4. According to claimThe Z-axis micro-mechanical accelerometer of claim 3, wherein said rotation angle detection capacitor is used for detecting the torsion angle change of the teeterboard structure by respectively applying high-frequency carrier voltage V to the electrodes of the differential capacitor _c and-V _c The carrier modulation of the capacitance change signal caused by the change of the gap is realized, and the digital rotation angle signal is obtained.

5. A Z-axis micromechanical accelerometer according to claim 3, characterized in that the stiffness tuning capacitor is adapted to generate an electrostatic negative stiffness by applying a push-pull control voltage V to the electrodes of the differential capacitor ₁ +V ₂ +V _c And V ₁ －V ₂ －V _c Generating electrostatic negative stiffness, wherein V ₁ For electrostatic trimming voltage, V ₂ To force balance the PWM voltage, the electrostatic negative stiffness value and V ₁ ² +V ₂ ² Proportional relationship.

6. A Z-axis micromechanical accelerometer according to claim 3, characterized in that the force balance capacitor is adapted to generate an electrostatic moment to counteract an inertial force generated by an external acceleration by applying a push-pull control voltage V to the electrodes of the differential capacitor ₁ +V ₂ And V ₁ －V ₂ Generating electrostatic torque, electrostatic torque and V ₁ ·V ₂ Proportional relationship.

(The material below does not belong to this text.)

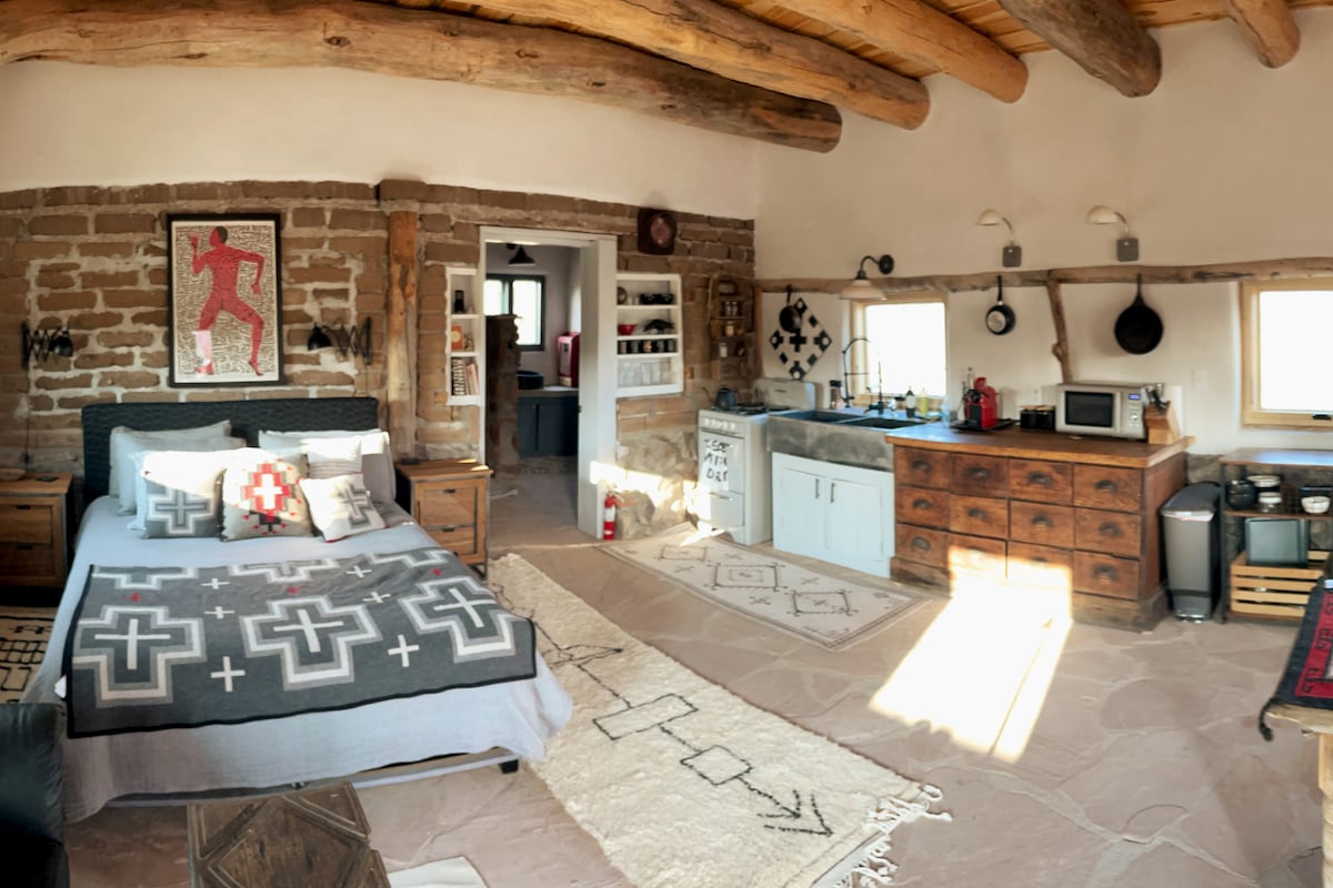 A tranquil experience and secluded getaway, yet easily accessible below the stunning Cerrito Blanco in Abiquiu. This 800 square foot casita makes the perfect weekend or week-long getaway for a couple or small family looking for a unique experience in beautiful Abiquiu. Sip your coffee outside or along the river, practice yoga, meditate, read, write, stargaze, bird watch and take in the beauty of the Chama River Valley, right in the heart of Tewa country!

7. A control method based on the Z-axis micromechanical accelerometer according to claim 3, characterized in that it comprises the following steps:

step 1, calculating tuning electrostatic negative stiffness according to a calibrated torsional elastic beam stiffness value and a preset equivalent stiffness value, and calculating electrostatic trimming voltage V according to the following formula ₁ ：

Wherein epsilon is dielectric constant, S is capacitance overlap area，d ₀ For capacitance gap, k _m And k _eff Respectively a calibrated torsional elastic beam stiffness value and a preset equivalent stiffness value, |V ₂ I is the magnitude of the force balance PWM voltage;

step 2, when the mass block receives external acceleration, a pair of carrier voltages with the same amplitude and opposite signs are applied to the multifunctional multiplexing electrode to realize carrier modulation of capacitance change signals caused by variable gaps, and digital rotation angle signals are respectively obtained after signals of the mass block are processed by a CV circuit, an AD conversion circuit, multiplication demodulation and low-pass filtering signals;

step 3, calculating the digital rotation angle signal through a PID controller to obtain a Z-axis force balance PWM voltage V ₂ A duty cycle;

the voltage V is continuously applied to the multifunctional multiplexing electrodes through the push-pull circuit ₁ +V ₂ And V ₁ －V ₂ The method comprises the steps of enabling a mass block to be maintained at a constant horizontal reference position, calculating acceleration, and adjusting equivalent rigidity to a preset value; wherein V is ₁ And V ₂ The electrostatic trimming voltage and the force balancing PWM voltage are respectively.

8. The method for controlling a Z-axis micro-mechanical accelerometer according to claim 7, wherein the acceleration calculation formula is:

wherein m is the mass of the mass block, L ₁ L is the moment arm corresponding to the moment of inertia about the torsional center axis generated by asymmetrically distributed masses ₂ And b is the duty ratio of the force balance PWM voltage, which is the arm of force corresponding to the electrostatic moment generated by the force balance capacitor around the torsion central axis.